NASA gives up on the "mole" portion of the InSight lander mission

One of the mission experiments aboard the InSight Lander that scientists worked to deploy on Mars was the heat probe known as the "mole" developed by the German Aerospace Center. The heat probe has been unable to gain the friction it needs to dig into the Martian soil. While the overall InSight mission has been granted an extension, the mole has ended its portion of the mission.The mole was to burrow into the Martian surface to measure the planet's internal temperature and provide details about the interior heat engine driving the evolution and geology of the Red Planet. The martian soil had an unexpected tendency to clump and prevented the mole from getting the friction it needed to hammer itself to the depth required for the mission.

Only the top two or three centimeters of the mole were able to dig into the surface of Mars. NASA says its last attempt with the mole was to use the scoop on the robotic arm of the lander to put soil on the probe and tamp it down to provide added friction. After adding the soil, the probe conducted 500 additional hammer strokes on January 9 with no additional progress.
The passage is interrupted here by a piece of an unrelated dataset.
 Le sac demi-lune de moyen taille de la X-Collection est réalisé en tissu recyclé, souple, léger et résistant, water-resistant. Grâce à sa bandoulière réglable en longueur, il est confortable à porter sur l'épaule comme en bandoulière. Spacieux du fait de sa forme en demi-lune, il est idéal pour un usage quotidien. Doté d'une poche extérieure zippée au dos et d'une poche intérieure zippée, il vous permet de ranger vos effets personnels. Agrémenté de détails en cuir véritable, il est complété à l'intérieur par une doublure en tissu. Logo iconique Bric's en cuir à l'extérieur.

The failure marked the end of the efforts for the team on that particular part of the mission. For that experiment to function, sensors aboard the mole had to be at least 10 feet deep. NASA does say that it's learned a lot from the mole and its inability to dig that will benefit future missions that want to dig into the surface of Mars.

Scientists will continue to puzzle over the Martian soil's unexpected properties near InSight and how it differed from other soil samples previously seen during Mars missions. The soil near InSight proved very different from what was seen on previous missions. NASA recently extended InSight's mission for an additional two years.